The extensive flooding that hit Central Europe threatened to wash away not only century-old monuments, but more recent symbols of European innovation as well. Among these, securitizations may shoulder their own share of the devastation, illustrating the damage that extends well beyond the concrete.

Floodwaters affected certain regions in Germany, Austria, The Czech Republic and Slovakia. Allianz estimates that the cost of the damage across these regions will be E15 billion, and the company expects its gross losses to total E815million with at least E580 million concentrated in Germany. Munich Re has pitched in estimates that put its losses in Germany somewhere between E5billion and E10billion.

And while Germany constitutes a small share of the European RMBS market - with E6.5billion issued to date - it has been the most active among the affected Central European countries.

According to Dresdner Kleinwort Wasserstein, the bulk of ABS issuance backed by German assets is made up of RMBS and CLOs. "RMBS are the most obvious victims of the floods given that some houses, which act as collateral for the mortgage loans in the affected regions, have either been destroyed or rendered uninhabitable," reported the bank.

Fitch investigation

Because of the extent of the damage caused by the flooding, Fitch Ratings has also launched an early attempt to assess the impact the flooding may have on German RMBS the agency has rated.

The regions of Saxony and Saxony-Anhalt in Eastern Germany sustained the most damage. In order to determine what the potential exposure of the German loan portfolios to RMBS transactions, Fitch employed a postcode analysis for collateral located within a 10-kilometer radius of the river Elbe. The transactions where the percentage exceeded 1.5% will be investigated, including the following: Haus 98, Bauhaus, Eurohypo, WuerttHyp 2001-1, NurenbergHyp 2000-1, HVB Real Estate 2001-1, Provide A, Provide Home 2001-1, Provide Gems 2002-1, and Provide Comfort 2002-1.

"The analysis will center on how the lenders are planning to treat flood-stricken borrowers," explained Stuart Jennings at Fitch. "There is pressure on the banks to write off loans where the borrower has suffered such hardship - pressure which banks are resisting. We need to see how this debate will play out."

He added that the agency is also investigating such concerns as whether the borrowers are being given payment holidays, and is legal action to enforce being delayed. Fitch will also investigate the extent of the collateral damage in the regions affected and the percentage of homes that have been damaged.

According to Dresdner, figures in 2000 showed that the region of Saxony has 4.43 million residents, and Saxony-Anhalt 2.62 million. The larger cities in these regions like Leipzig, Halle and Chemintz did not sustain any flood damage, however, and therefore it's likely that the number of people affected by the floods will be less than would initially be apparent - a context within which the exposure of German transactions must be viewed.

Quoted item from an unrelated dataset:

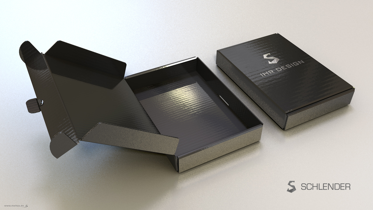 3D Produktvisualisierung: Stabile Wellpappverpackung mit Hochglanzdruck - 3D Produktvisualisierung verschiedener Verpackungen und Officeprodukten wie Ringordner für die Schlender GmbH & Co. KG.

Of those transactions targeted by Fitch, none have more than 3.5% exposure to the 10-kilometer radius investigated by the agency. "At the end of the day, although the flooding was extensive, no deal appears to be affected by more than 3% exposure, and with combined insurance coverage and government relief, it is possible that there will be no ratings actions, but we would obviously need to complete our investigation first," said Jennings.

He added that Fitch did not take into account such unpredictable risks in its initial analysis. In the ongoing investigation, he stresses that insurance coverage will play a key role. The agency intends to clarify insurance requirements on origination at each lender, as well as its assessment of the degree to which borrowers are covered. According to initial findings, Fitch found that there is more insurance coverage in the East than in the West.

The agency also plans to assess proposed government relief assistance. At present, the government is working on a E10 billion relief package, and the EU has allocated E1.2 billion in relief funds to Germany.

CLOs also in spotlight

In addition to the effect the flooding may have on RMBS, Dresdner also highlights the potential exposure of CLO structures to the damage - specifically those wherein the underlying collateral is comprised of loans to small- and medium-sized enterprises (SMEs).

In addition to the direct effects the damage to property and infrastructure may have on CLO structures, the possibility of a consequential rise in unemployment and decline in consumer demand poses a threat as well. The German Finance Ministry estimated that in Saxony, around 11,000 SMEs might have been impacted.

The risk for CLOs is the borrowers' failure to pay. The German Finance Minister has stated, however, that he does not expect to see any significant rise in insolvencies as a result of the floods. Along with state aid, borrowers will benefit from a tax relief and a relaxation of the insolvency procedure. According to Dresdner, it is still not clear as to whether this will be sufficient, but the bank said it does not anticipate any major impact on the transactions.